For that matter you actually don't need a lot of this machinery to derive analysis; for that all you need is a minimal subset (hah!) of set theory. Analysis focuses on the properties of continuous things, like real and complex sequences. You can derive the real and complex numbers axiomatically (like with Dedekind cuts of rationals) or synthetically (field axioms) as long as you have the definitions of sets, subsets, bounds, unions and intersections. I'm not even sure you need to care about the distinction between a subset and a proper subset.
That's not to say the material presented here isn't useful - it is. I'm just making the point that most analysis doesn't require abstract algebra aside from fields and (later on) vector spaces, and you don't need a whole lot to get there.
My favorite critic of ZFC is Norman Wildberger, who has a great YouTube channel. I found his formulations of complex multiplication, the pythagorean theorem and quadratic forms were particularly worthwhile, even though he comes off as barely computer literate in other videos.

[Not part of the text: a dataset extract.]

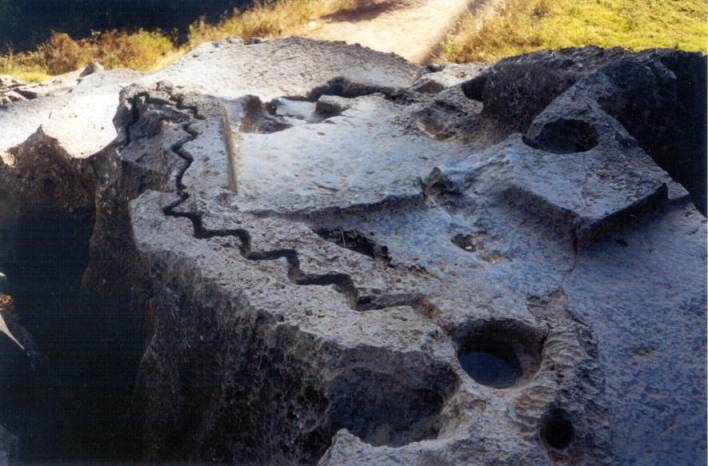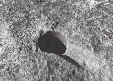 Fig. 7.22 This stone block has a 6 mm wide groove containing drilled holes. It could not have been made with stone or copper tools. The diameter of the small holes varies by no more than 0.1 mm. Since the rock is brittle, it must have been drilled with a tool fixed on a mount, as any wobbling would have left visible traces.7

But no, seriously, it depends on what kind of set theory you're talking about. The stuff Hilbert was arguing about up to the stuff still being argued about today in the ivory tower? No, you pragmatically do not need to know that unless you're pursuing a research career in pure math. The stuff in an undergrad probability course? Yeah, sets come up basically everywhere if you're looking and are willing to think like that.

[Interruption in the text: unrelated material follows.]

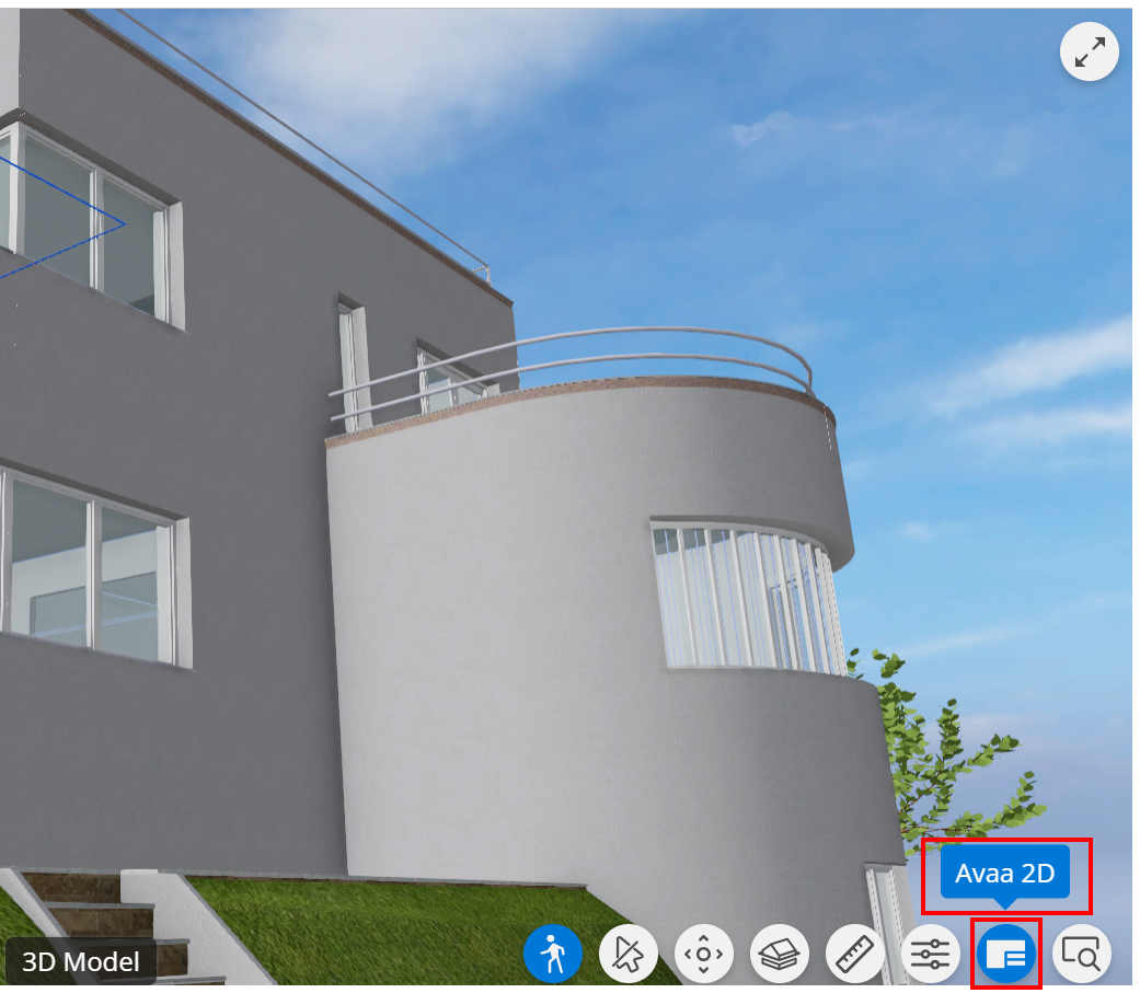 Napsauta oikeassa alakulmassa olevaa Avaa 2D -kuvaketta.

Even if you're researching pure mathematics you probably don't need rigorous, axiomatic set theory. Number theorists, algebraic geometers, probability/measure/ergodic theorists, etc all can conduct their work with just naive set theory.

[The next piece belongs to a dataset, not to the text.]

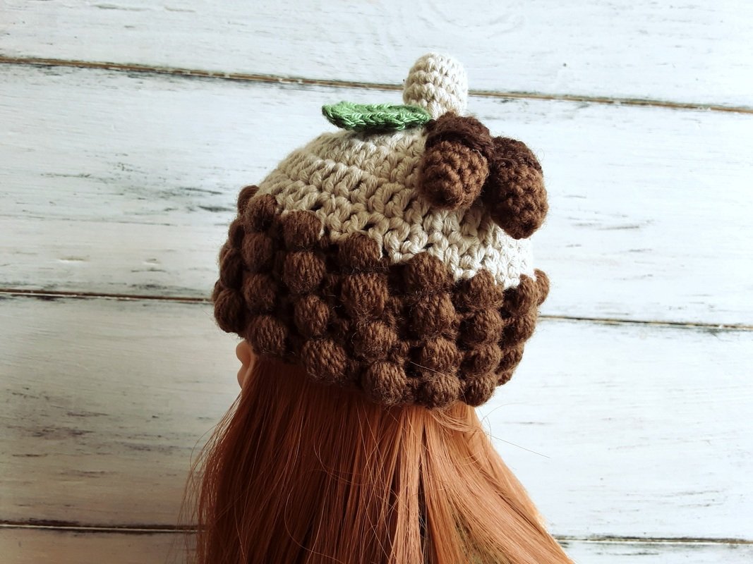 Puppen Eichelmütze. Herbstlich im Design. Ein ideales Geschenk für die Tochter oder Enkelin.

In a world where it's taken for granted that, say, countable additivity over measurable sets will work work out fine, and is felt to be a different beast than arbitrary use of a separation schema plus a set of all sets, sure. But it took early 20th-century mathematical logicians decades of exploration to get to a point where there was confidence that people doing the former thing could get by mostly "naively", without being in danger of doing the latter thing. (See e.g. Galileo's paradox.)
Modern pure mathematicians benefit from being able to conduct most of their reasoning on the lower footsteps of the von Neumann hierarchy (V_{omega + k} for small k), where they get access to higher-order tools like function spaces and topologies, countability as a fruitful property to impose and work with, and a playground where most of the disparate branches of mathematical research can be brought together without worrying about bindings between underlying frameworks. None of these things require a deep knowledge of the metamath of ZF to work with, but they'd all make many 19th-century mathematicians nervous.
Note also that the most frequently used tools of naive set theory today (e.g. unions/intersections, separations/replacements, powersets, cartesian products/relations/functions, a few notable infinite sets) roughy mirror ZF. That shouldn't seem like an accident. Having working mathematicians trained to think and organize their work in these constructs keeps them around those lower footsteps.
I learned this years ago and forgot everything. I'm curious - does anyone actually use linear algebra in their day to day, and if so, what's your job title?
Aerial Imaging. We use it for both photogrammetry and some aspects of image color correction based on its histogram. I imagine its used extremely often in robotics as well.
It is a source of endless wonder and bemusement to me that we did not choose geometry as our basis for logic and proof over the equality symbol. Many brilliant minds are barred from entry into the field of mathematics because of this error.